This project aims not only at direct research, but also is creating modeling and simulation tools
that other researchers, educators, and students can use through NanoHUB, a TeraGrid Science
Gateway, designed to make doing research on the TeraGrid easier. The PI likens the situation
to making computation as easy as making phone calls or driving cars, without being a telephone
technician or an auto mechanic. Overall, nanoHUB.org is hosting more than 90 simulation tools,
with more than 6,200 users who ran more than 300,000 simulations in 2008. The hosted codes
range in computational intensity from very lightweight to extremely intensive, such as NEMO 3-
D and OMEN. The nanoHUB.org site has more than 68,000 users in 172 countries, with a
system uptime of more than 99.4-percent. More than 44 classes used the resource for teaching.
According to Klimeck, it has become an infrastructure people rely on for day-to-day operations.
nanoHUB plans on being among the early testers for the metascheduling capabilities currently
being developed by the TeraGrid, since interactivity and reliability are high priorities for
nanoHUB users. The Purdue team is also looking at additional communities that might benefit
from the use of HUB technology and TeraGrid.
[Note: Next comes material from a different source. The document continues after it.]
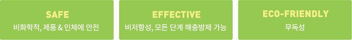 해충의 성충 뿐만 아니라 알과 서식지까지 사멸시켜 식품 유해요소를 효과적으로 제거할 수 있으며,

The Cancer Care Engineering HUB is one such
community.
4.2.15 Atmospheric Sciences (LEAD), PI Kelvin Droegemeier, University of Oklahoma
In preparation for the spring 2008 Weather Challenge, involving 67 universities, the LEAD team
and TeraGrid began a very intensive and extended ―gateway-debug‖ activity involving Globus
developers, TeraGrid resource provider (RP) system administrators and the TeraGrid GIG
software integration and gateway teams. Extensive testing and evaluation of GRAM, GridFTP,
and RFT were conducted on an early CTSS V4 testbed especially tuned for stability. The
massive debugging efforts laid the foundation for improvements in reliability and scalability of
TeraGrid’s grid middleware for all gateways. A comprehensive analysis of job submission
scenarios simulating multiple gateways will be used to conduct a scalability and reliability
analysis of WS GRAM. The LEAD team also participated in the NOAA Hazardous Weather
Testbed Spring 2008 severe weather forecasts. High resolution on demand and urgent
computing weather forecasts will enable scientists study complex weather phenomenon in near
real-time.




                                               4-12
TeraGrid Extension: Bridging to XD


A pilot program with Campus Weather Service (CWS) groups from atmospheric science
departments from universities across the country. Millersville University and University of
Oklahoma CWS users have been predicting local weather in 3 shifts per day with 5km, 4km and
2km forecast resolutions computing on Big Red and archiving on the IU Data Capacitor.
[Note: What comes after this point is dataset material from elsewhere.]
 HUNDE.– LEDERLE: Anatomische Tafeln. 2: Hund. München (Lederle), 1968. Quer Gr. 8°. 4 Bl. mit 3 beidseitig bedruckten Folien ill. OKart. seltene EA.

Development of reusable LEAD tools continues. The team is supporting the OGCE released
components – Application Factory, Registry Services and Workflow Tools. TeraGrid supporters
have generalized, packaged and tested the notification system and personal metadata catalog
to prepare for an OGCE release to be used by gateway community and will provide workflow
support to integrate with the Apache ODE workflow enactment engine.
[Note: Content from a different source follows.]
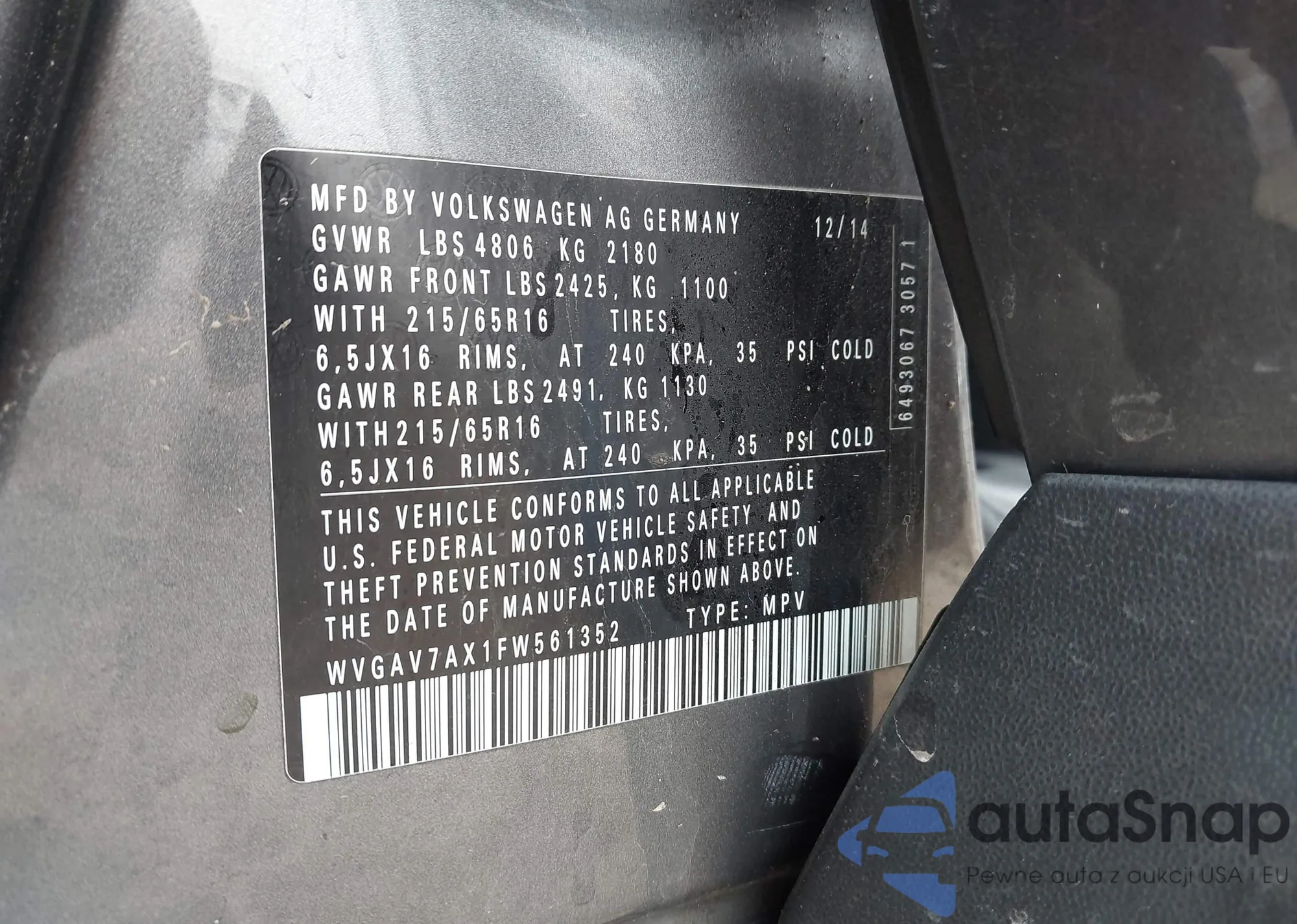 • VIN WVGAV7AX1FW561352

4.3      Advanced Capabilities Enabling Science
The transformative science examples in §D2 are enabled by the coordinated efforts of the
TeraGrid (TG) project. The TG advanced capabilities (those delivered to the user community
above simple access to computer cycles) are developed based on existing and expected user
needs. These needs are determined from direct contact with users, surveys, discussions with
potential users, and collaborations with other CI projects. TG uses projects that express interest
in a CI need as test users of that capability. In other cases, such as for advanced user support,
where there is more need for a capability than we can deliver, we use the allocations process to
recieve recommendations on where we should apply our efforts. All the projects described in
§D2 are driving or using TeraGrid advanced capabilities, and will continue to do so during the
extension period, in order to obtain the best possible science results. We will support new data
capabilities as a central component of whole new forms of data-intensive research, especially in
combination with advanced visualization and community interfaces such as those supported by
the gateways efforts. We will continue to enhance these advanced capabilities in a collaborative
context, with TG staff bringing their expertise to bear on user needs to improve the experiences
of current users of TeraGrid, and to help develop the new generation of XD users.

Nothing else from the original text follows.